Quelques années se sont écoulées entre « Rue de la sardine » qui se déroulait vers la fin des années 30 et « Tendre jeudi » qui se situe en 1947….

Le temps d’un seconde guerre mondiale et même un peu plus …

Mack est toujours là, l’épicerie aussi mais l’épicier chinois a été remplacé par un épicier mexicain.
La tenancière de la maison close « L’ours » est décédée mais sa sœur a repris l’affaire.
Voilà cette rue durement touchée par le chômage (à peine 1947 et l’homme a déjà surexploité la mer qui ne donne plus de poisson). Doc retrouve ses voisins après de longues années de mobilisation dans l’armée.
Il est toujours sympathique, attentif à ses compatriotes mais il manque de buts dans la vie et même m’a paru déprimé (à la limite de la dépression). Jusqu’au jour où arrive Suzy, jeune, honnête et presque illettrée, dans ce village de Monterey… Le choc n’en sera que plus fort avec Doc, âge mûr, honnête et scientifique en panne de motivation…
Heureusement que ses amis sont là pour organiser des fêtes : j’ai alterné entre rires et larmes

En conclusion : un deuxième roman qui m’a beaucoup plu, un tout petit peu moins que « Rue de la sardine » : la surprise de la découverte n’étant plus au rendez vous.

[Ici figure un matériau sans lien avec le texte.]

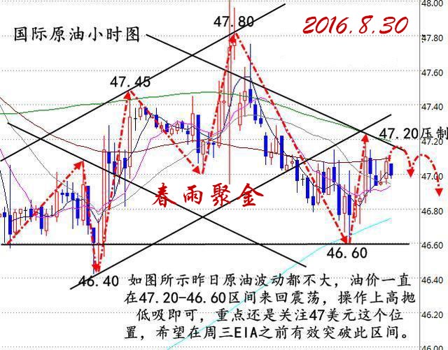 周一(8月29日)國際油價震蕩走弱,因上周末伊拉克和伊朗均強調不愿意放棄市場份額,令市場對9月產油國達成凍產的預期顯著降溫;美原油關注上周低點46.5美元附近的支撐,一旦跌破該位置油價料將加速下行。 主席耶倫、副主席費希爾的表態后,巴克萊銀行稱耶倫的措辭已經盡可能地強硬,符合該行9月加息一次的預期,若8月非農人口維持穩健增長,料美聯儲將在9月行動;美銀美林則認為耶倫的演講加大了9月加息的可能性,但該行仍認為美聯儲10月才可能加息。 歐佩克另一石油生產大國尼日利亞也會堅決反對將產量凍結在目前的水平,因該國產量受尼日爾河三角洲地區的武裝組織破壞而大幅下跌了超過50萬桶/日。盡管關于凍產的各種傳聞滿天飛,但是曾參與4月凍產協議構建的俄羅斯這次似乎也小心翼翼,既不阻礙凍產的推進,也不阻止不靠譜的謠言流傳。目前油價方面暫無利多消息支撐。 國際原油行情分析: 國際原油昨日亞市早盤中短線受挫,歐盤時段原油在47美元附近來回震蕩;最低下探至46.78美元;美盤時段最低下探至46.62,從四小時圖來看:KDJ三線目前趨勢平行中,且K線已經形成拐頭趨勢;MACD雙線緩慢粘合中,多空能量爭奪中;綜合來看,下方多次試探46.50支撐位沒有突破,形成比較強力的支撐位,油價日內行情預測區間震蕩,操作策略區間內高拋低吸即可!重點關注本周星期三EIA原油庫存數據和本周五大非農數據,這兩波大行情直接決定原油近期后市的大體走勢! 大交所大連油行情分析:

Tendre jeudi – John Steinbeck

Doc essayait désespérément de retrouver sa vie ancienne, vœu pitoyable de l’homme qui veut redevenir petit garçon, oubliant les douleurs de l’enfance. Doc tomba à genoux et, de sa main en forme de pelle, creusa un trou dans le sable mouillé. Il observa l’eau de mer qui y pénétrait et des petites falaises qui s’écroulaient aux bords du trou. Un crabe minuscule fila entre ses doigts. Derrière lui, une voix dit :
« Pourquoi creusez-vous ?
– Pour rien, dit Doc, sans se retourner.

– Il n’y a pas de coquillages ici.

– Je sais », dit Doc, et une de ses voix intérieures dit : « Je veux être seul. Je ne veux ni parler, ni expliquer, ni discuter. Il va falloir que j’écoute les vues de cet inconnu sur l’océanographie. Je ne me retourne pas. »

La voix derrière lui ajouta :
– « Il y a du métal dans l’eau. Il y a assez de magnésium dans un kilomètre-cube d’eau de mer pour recouvrir tout le pays.
– Me voilà frais, pensa Doc. On dirait que j’attire les raseurs.
– Je suis un prophète », il avoua.
Doc fit demi-tour toujours agenouillé.
– «D’accord, dit-il, moi aussi. Mais parlez toujours. »
C’était la première fois de sa vie qu’il était discourtois avec quelqu’un qu’il ne connaissait pas.
Ce quelqu’un était un grand personnage barbu avec le regard vif et innocent d’un bébé en bonne santé. Il portait une salopette en haillons, une chemise bleue qui tournait au blanc et il était pieds nus. Le chapeau de paille qu’il avait sur la tête était orné de deux trous, ce qui prouvait que le chapeau avait été la propriété d’un cheval avant d’être la sienne.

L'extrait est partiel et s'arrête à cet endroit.